◆ ASSIGNMENT ◆
Your answer is the line containing "其中,间接蒸发冷却机组适用于" plus every line after it through the end of the records, printed exactly and free of pictures.

(Stored dataset items)
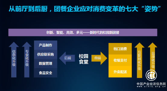 对于团餐企业来说,应对消费变革,满足各方需求,需要对前后端各个环节进行优化。在前端,促进档口消费的品牌化升级、收银支付方面的互联网化升级,并增加营销互动、外卖配送的服务;在后端,促进产品制作的智能化升级、供应链采购和食品安全的专业化升级、数据管理的信息化升级,从而推动传统团餐向更加创新、智能、高效、多元的新团餐迈进。
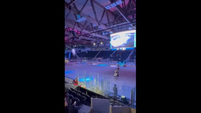 La scena è deviata lors de la finale de la catégorie scolaire M18 D2 du Tournoi nationwide BMO de Rimouski. Les lumières étaient tamisées pour l’entrée des joueurs sur la patinoire qui accueille habituellement l’Océanic.
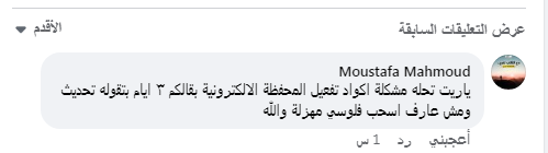 علق عميل بنك الاسكندرية عبر صفحة المصرف على موقع "فيسبوك"،: "ياريت تحله مشكلة أكواد تفعيل المحفظة الإلكترونية بقالكم ٣ أيام بتقوله تحديث ومش عارف اسحب فلوسي مهزلة والله".
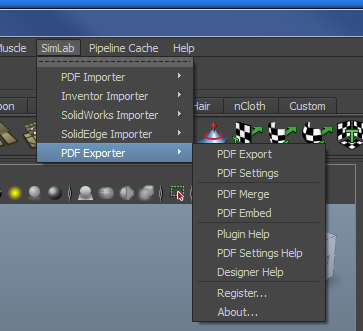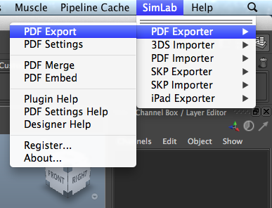 required PDF Settings, a user can export Maya models in 3D PDF format by clicking SimLab -> PDF Export -> PDF Export.
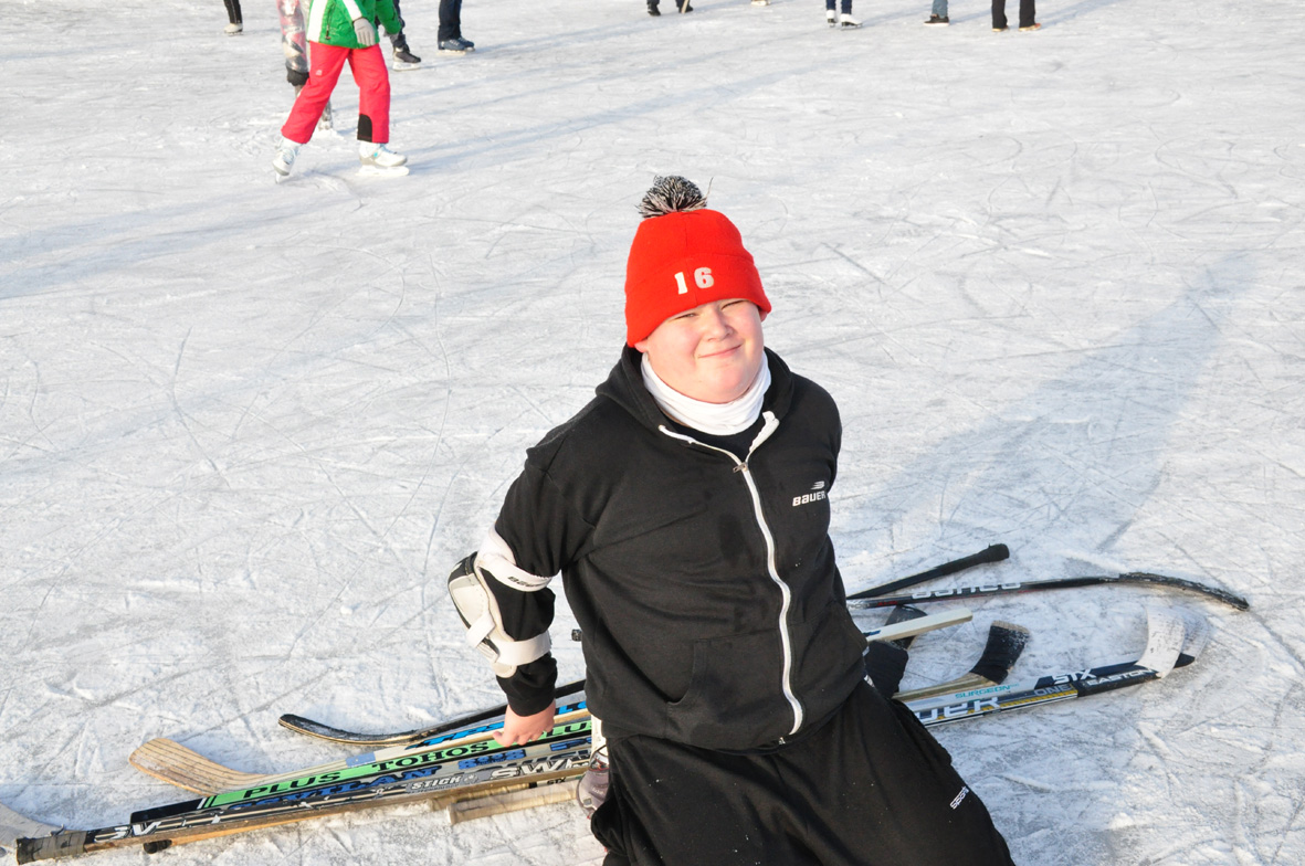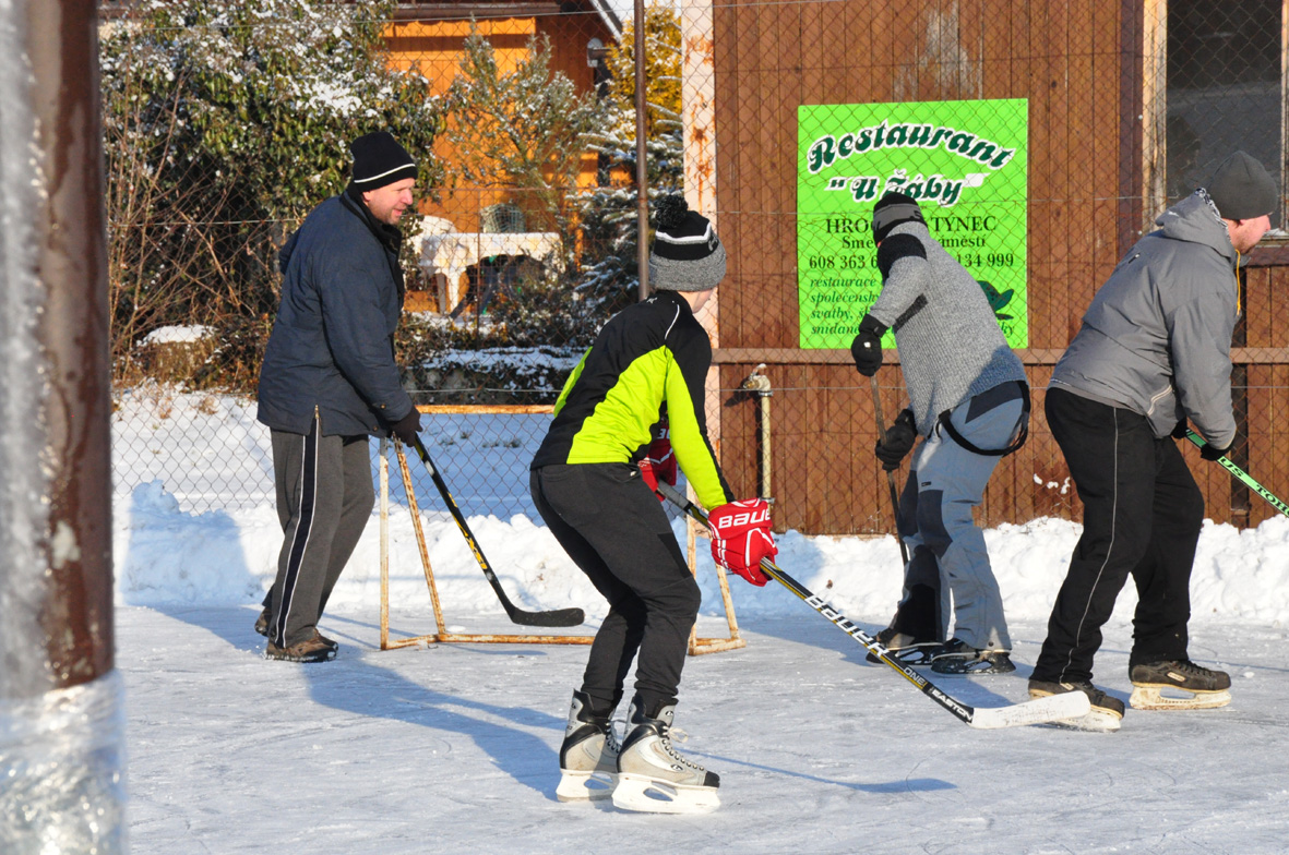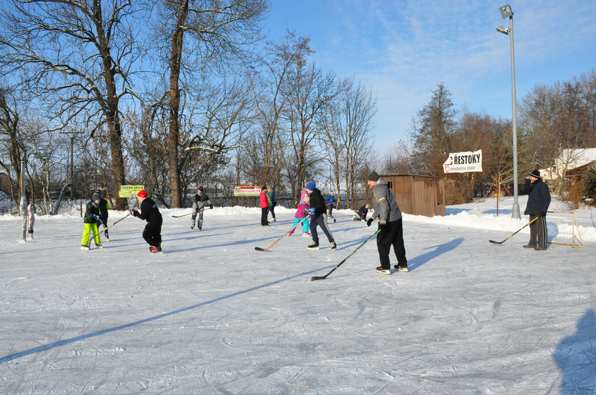 Práce otců a tuhé mrazy - krásné kluziště v Řestokách.
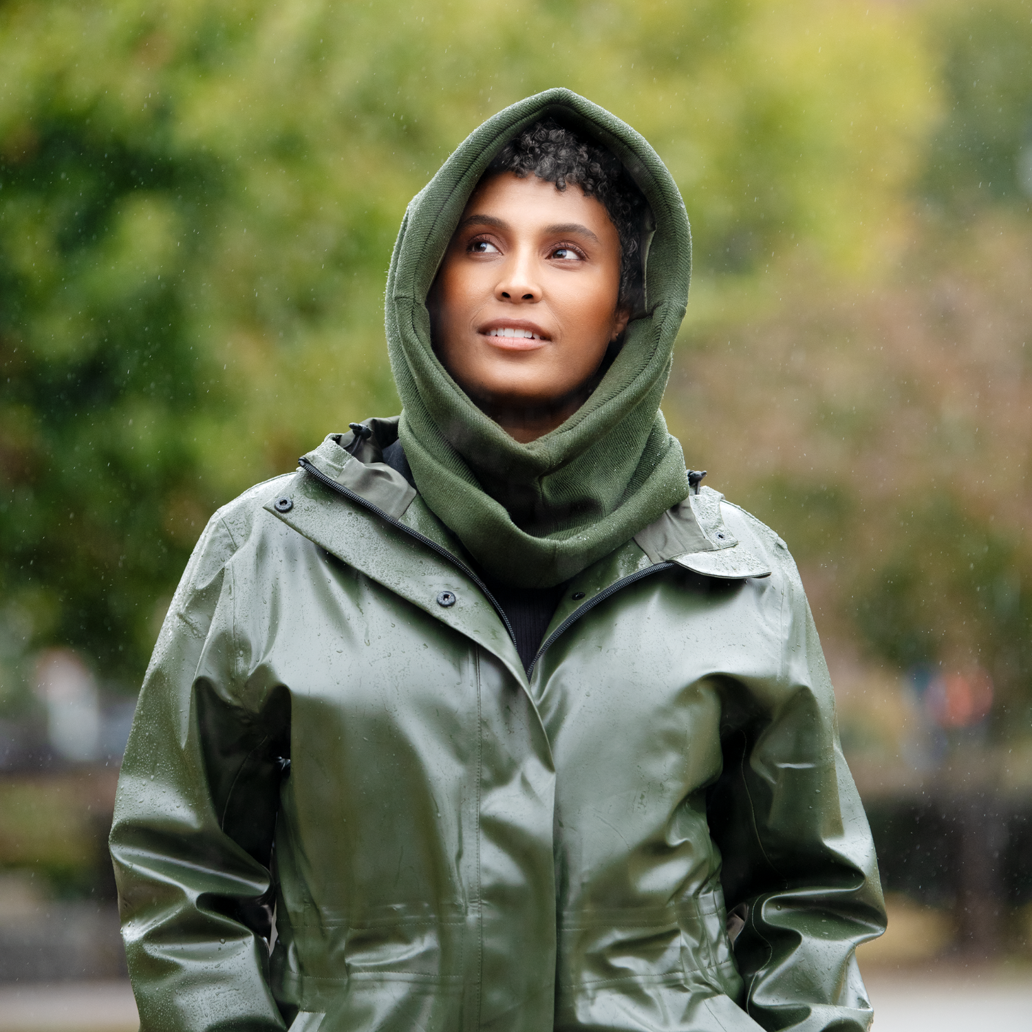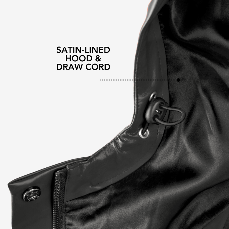 Embrace the rain without compromising your hair's perfection. Our satin-lined hood, designed with a chic visor, offers unparalleled face and hair protection.
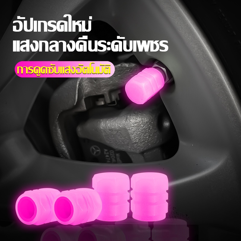 AutoHome ฝาครอบวาล์วยางล้อรถยนต์ เรืองแสงในที่มืด เรืองแสง จุกลมรถยนต์ จุกลมมอเตอร์ไซค์ จุ๊บลมรถยนต์ จุกยางรถยนต์ E47
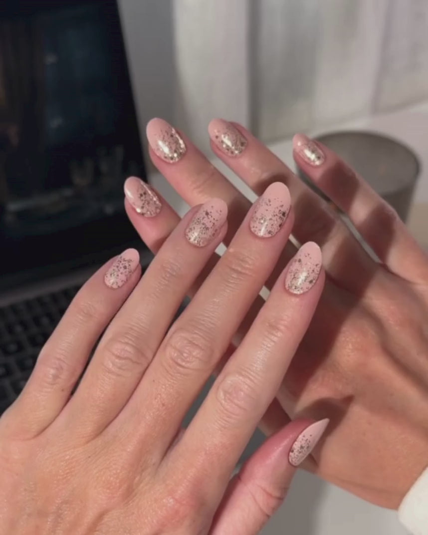 Ce design présente un ombré à paillettes dorées qui fait vraiment ressortir vos ongles ! Si vous adorez les paillettes et le glamour, vous allez définitivement adorer ce look.
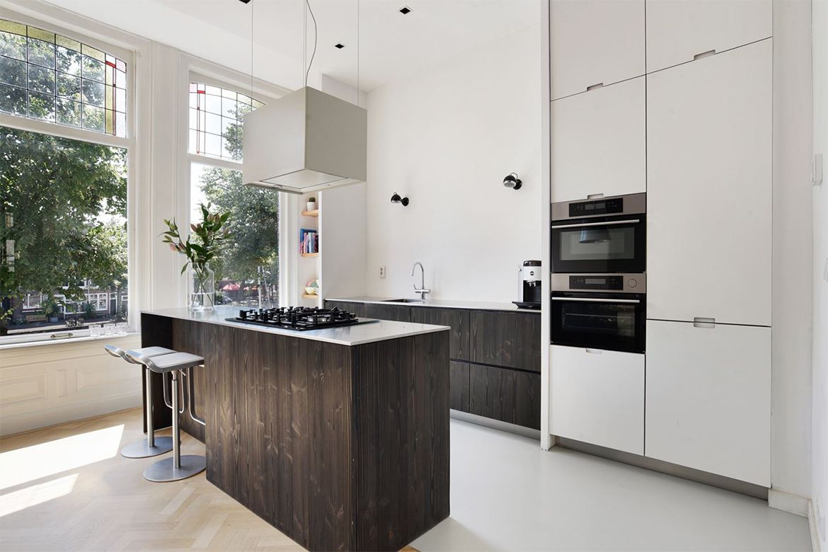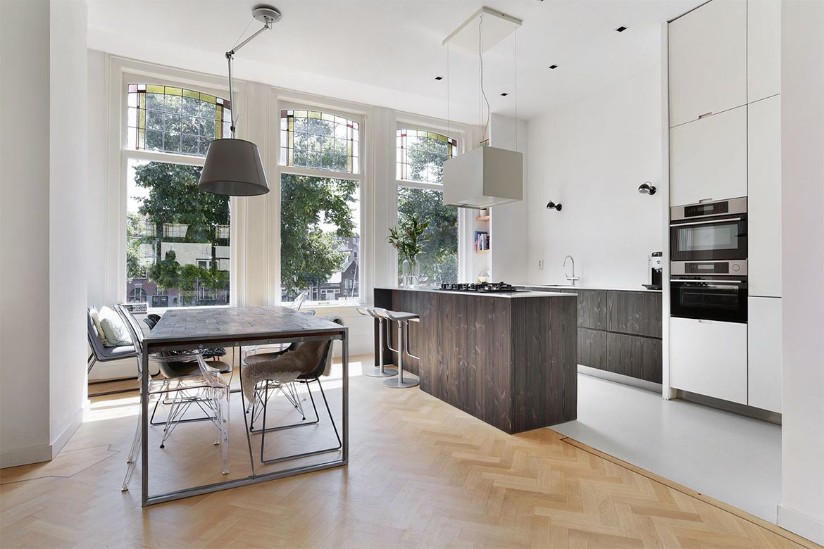 Net als in de huidige situatie zal de woonkamer en de keuken op de eerste verdieping komen. Het kleine keukentje dat nu aan de acherkant zit maakt plaats voor een aparte tv-kamer. Op de mooiste plek van het huis, aan de voorkant met het uitzicht over het water, komt een grote leefkeuken met kookeiland. Hier zullen onze opdrachtgevers het meest vertoeven. Aan de achterzijde van de woonkamer, bij de openslaande deuren naar het balkon, komt een intieme zithoek. De markante schouw die eerst aan de voorzijde van de woning zat wordt zorgvuldig verplaatst en zal het middelpunt van de nieuwe zithoek vormen.
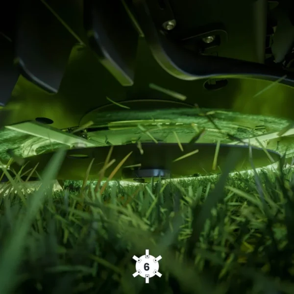 - ✔ Ciągłe mulczowanie trawy sprzyjające zagęszczaniu oraz zdrowemu wyglądowi murawy.
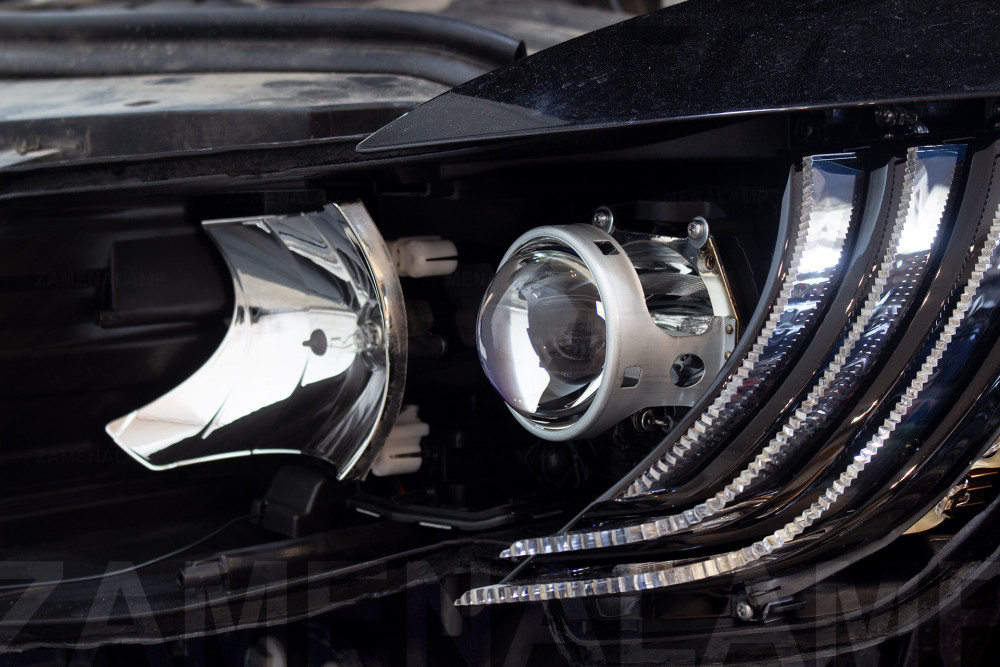 Закрепили новую биксеноновую линзу и отрегулировали горизонт светотеневой границы в штатной рамке крепления линзы.
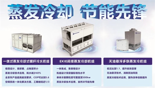 其中,间接蒸发冷却机组适用于大型数据中心和自然冷源充足区域;无油悬浮多联蒸发冷机组适用于中大型数据中心和末端改造需求场景;而具有高效节能、节省项目周期、运用灵活、安装快捷、提高工程质量等特点的一体式蒸发冷螺杆冷水机组,则是电子电力、轨道交通、新能源和生物制药等场所冷源的理想选择。
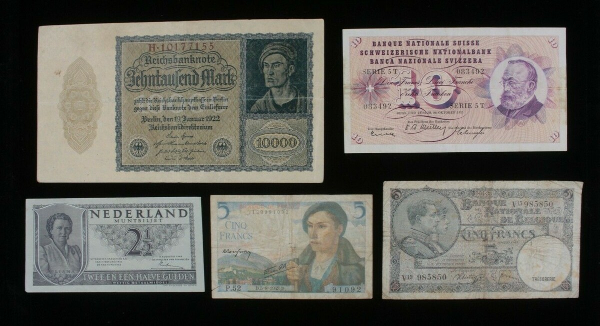 European Nations 5-Notes Lot // Belgium France Germany Netherlands Switzerland
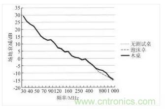 所以,當(dāng)電波暗室使用木桌或其他較大介電常數(shù)材質(zhì)制作的試驗桌等輔助設(shè)施時,會使場地衰減AN 增大而導(dǎo)致接收機(jī)測得的電場強(qiáng)度減小,使測試結(jié)果造成差異。試驗桌等輔助設(shè)備是試驗場地有效性中不可分割的一部分,因此建議,在選擇暗室輔助設(shè)施時選擇介電常數(shù)小的材質(zhì),并進(jìn)行場地衰減的測量比較,以保障各暗室測量結(jié)果的一致性。

◆ SOLUTION BELOW ◆
 其中,间接蒸发冷却机组适用于大型数据中心和自然冷源充足区域;无油悬浮多联蒸发冷机组适用于中大型数据中心和末端改造需求场景;而具有高效节能、节省项目周期、运用灵活、安装快捷、提高工程质量等特点的一体式蒸发冷螺杆冷水机组,则是电子电力、轨道交通、新能源和生物制药等场所冷源的理想选择。
 European Nations 5-Notes Lot // Belgium France Germany Netherlands Switzerland
 所以,當(dāng)電波暗室使用木桌或其他較大介電常數(shù)材質(zhì)制作的試驗桌等輔助設(shè)施時,會使場地衰減AN 增大而導(dǎo)致接收機(jī)測得的電場強(qiáng)度減小,使測試結(jié)果造成差異。試驗桌等輔助設(shè)備是試驗場地有效性中不可分割的一部分,因此建議,在選擇暗室輔助設(shè)施時選擇介電常數(shù)小的材質(zhì),并進(jìn)行場地衰減的測量比較,以保障各暗室測量結(jié)果的一致性。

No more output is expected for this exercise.